Bilan contrasté pour l’armée turque dans le nord de l’Irak


Mardi 4 mars 2008 | RAGIP DURAN

L’intervention militaire turque menée du 21 au 29 février était la plus grosse depuis onze ans en Irak du Nord contre les bases arrières des rebelles kurdes du Parti des travailleurs du Kurdistan (PKK). Cette opération de neuf jours a été menée avec l’accord des Américains.

L’opération turque en Irak est-elle un succès ?

L’armée turque affirme que 270 «terroristes» ont été tués et que nombre d’infrastructures logistiques du PKK dans la zone frontalière ont été détruites. Le PKK assure contre toute évidence n’avoir perdu que 5 hommes mais avoir tué 130 soldats turcs. «On leur a donné une leçon et nous en donnerons d’autres si nécessaire», a affirmé hier le chef d’état-major turc Yaşar Büyükanıt. Nombre de commentateurs relativisent la portée de cette «victoire». Les services de renseignement turcs estimaient en effet qu’il y avait entre 3 500 et 4 000 combattants du PKK dans les montagnes du Nord de l’Irak dans des zones échappent à tout contrôle du gouvernement régional du Kurdistan irakien. Ankara n’en a pas moins réussi à mener une opération dans des conditions hivernales difficiles pour casser une partie des infrastructures du PKK, qui se prépare comme tous les ans à lancer une vague d’attaque à partir du 21 mars, le nouvel an kurde. «Si le PKK peut encore attaquer à partir du territoire irakien, nous devrons alors nous interroger sur l’efficacité même de l’option du tout-militaire», analyse Cengiz Çandar, chroniqueur du quotidien économique Referans. «Pour la majorité des Kurdes de Turquie le PKK reste encore une bonne référence», souligne Ümit Fırat intellectuel kurde et partisan de longue date d’une solution politique. Une partie croissante des élites turques rappelle qu’il est impossible de briser la rébellion kurde sans trouver une solutiongarantissant plus de droits culturels mais aussi économiques et sociaux à cette population qui représente un cinquième de celle du pays. Les Européens et Washington insistent aussi sur ce point.

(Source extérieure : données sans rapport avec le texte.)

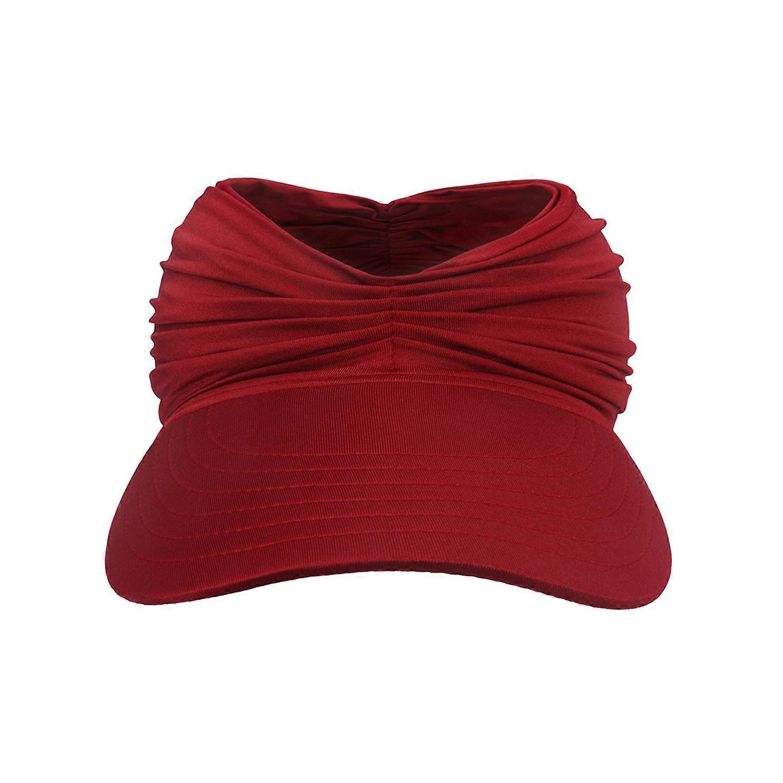 Unisex Solid Color Wide Brim Empty Top Hat Summer Spring Outdoor Visor Cap Adjustable Pleated Hat for Friend Families B Burgundy

Est-ce le signe d’un réchauffement entre Ankara et Washington ?

Les commandos et l’aviation turcs ont bénéficié en temps réels des renseignements donnés par les Américains. Massivement antiaméricaine depuis le début de la guerre d’Irak, l’opinion publique turque est convaincue que l’opération a dû s’arrêter plus tôt que prévu à cause de Washington. «Les Américains qui ont gardé le silence contre Israël dévastant la bande de Gaza ont empêché la poursuite de l’opération antiterroriste dans le Nord de l’Irak», clame Deniz Baïkal, le leader de l’opposition nationaliste de gauche. Le Premier ministre Recep Tayyip Erdoğan et les militaires nient. «Si on peut démontrer des pressions américaines, je renonce à mon uniforme», a affirmé le chef d’état-major.

Il n’en est pas moins évident que les Américains voulaient une intervention courte craignant une déstabilisation du Kurdistan irakien qui échappe au contrôle de Bagdad depuis 1991 et a été jusqu’ici épargné par le chaos. Mais Washington tente depuis quelques mois de réchauffer les liens avec une Turquie, qui, pilier du flanc sud-est de l’Otan, fut longtemps son principal allié régional. «Il est sûr que les Américains vont demander la contrepartie de cette aide», affirme Ruşen Çakır, chroniqueur du quotidien Vatan et spécialiste de la question kurde. Washington pousse ainsi Ankara à instaurer de bonnes relations avec le gouvernement central irakien mais aussi avec le gouvernement régional du Kurdistan irakien.